One cornerstone of justice and equality is equal capability to achieve health (Sen 2002). Those whose lives are cut short by unequal economic and social conditions are subject to a brutal inequality. For this reason, measures of survival, such as life expectancy, have justly become key indicators of social progress. We examine five aspects of health inequality: 1) inequalities of life and death between countries, 2) causes of death  3) disease prevalence,  4) health care spending. 5) inequalities within countries

Inequalities of life and death between countries

A child born in Swaziland is nearly 30 times more likely to die before the age of five than a child born in Sweden. (There are 119 deaths per thousand births in Swaziland compared to four in Sweden.) A child in Cambodia is 17 times more likely to die in its first five years than a child in Canada.  These are differences between average child mortality rates in those countries. Inequalities within countries (described below) mean that the difference between the mortality of poor children in Swaziland and of rich children in the US is considerably larger. Inequalities of life expectancy, infant mortality and under five mortality are examined in Life and death -- inequalities between countries.

Causes of death

Worldwide, one death in three is from a communicable disease (see figure), yet almost all these deaths occur in the Third World. The relative infrequency of death due to communicable disease in the industrialized world shows what world health equality could achieve. We examine these contrasts in Causes of death.

Disease prevalence

In the section Disease and Immunization, we examine national rates of disease incidence. Maps and graphics show the global pattern of incidence, and levels of immunization, for selected communicable diseases, generally for the last four decades. These pages show the decline of communicable diseases and the spread of immunization in many countries of the world (The figure below shows the global reduction in the prevalence of measles associated with the spread of immunization).

Contrasts of health care spending and achievement

Some countries achieve high life expectancy while spending little on health care.
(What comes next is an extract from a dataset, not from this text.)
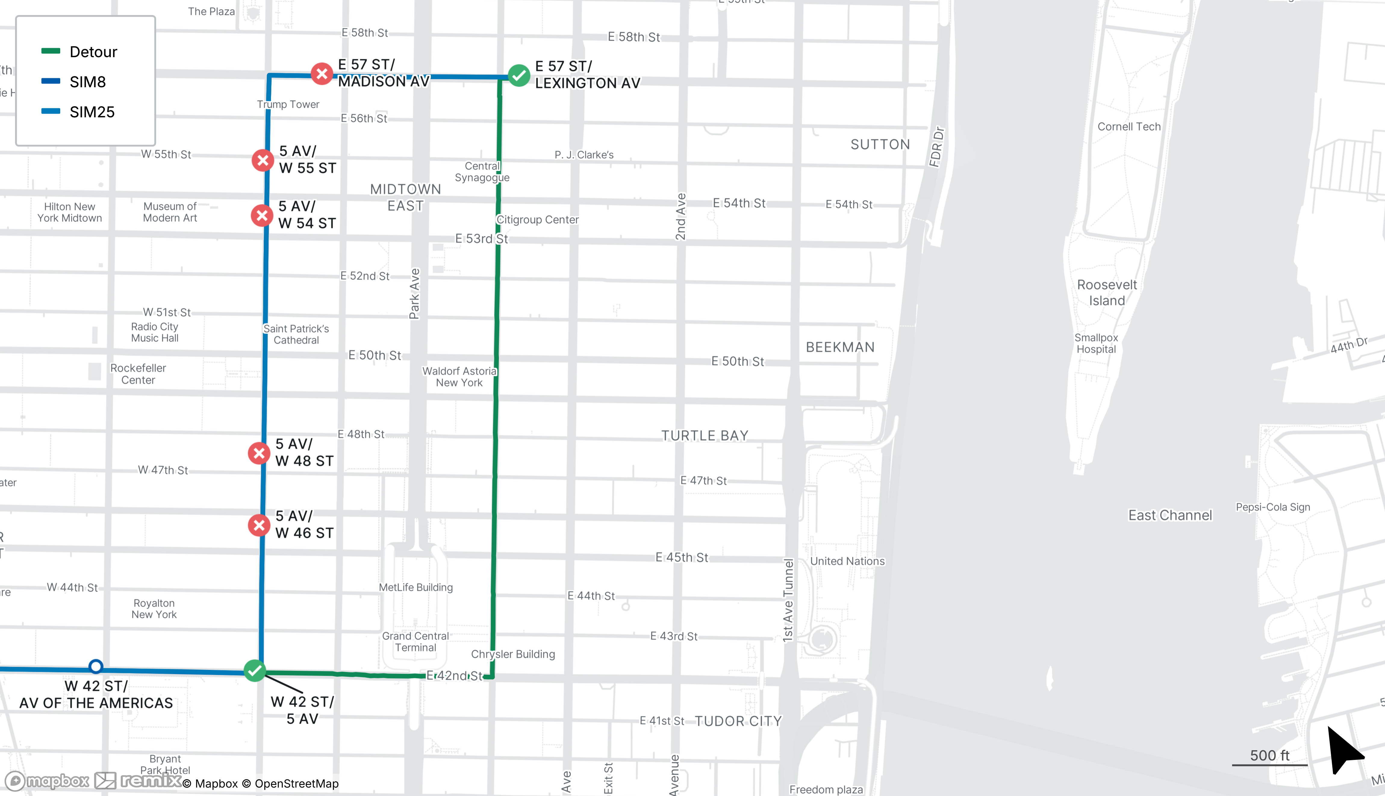 Southbound SIM8 and SIM25 stops on E 57th St at Madison Ave and 5th Ave from E 55th St to E46th St will be closed

Others spend heavily while achieving relatively low life expectancy. In the graph below, the most striking comparison is between the US and Cuba. Cuba achieves virtually identical life expectancy to the US while spending  less than $200 per person on health care, compared to $4,400 per person in the US.

In the section on Health care spending we look at some of the factors explaining these contrasts, and the "inverse care law" - the rich receive care while the poor have most of the illness and death and do not receive care.

Wide inequalities also exist within countries

National health data usually overlooks inequality within countries. Governments rarely collect systematic data on the differences between mortality rates and life expectancies of rich and poor. The graph below shows the Under Five Mortality of the children of the poor and of the rich for 44 countries for which data is available. We examine other examples in Within country inequalities.

Reference: Sen, A. (2002). "Why health equity?"Health Economics 11: 659-666.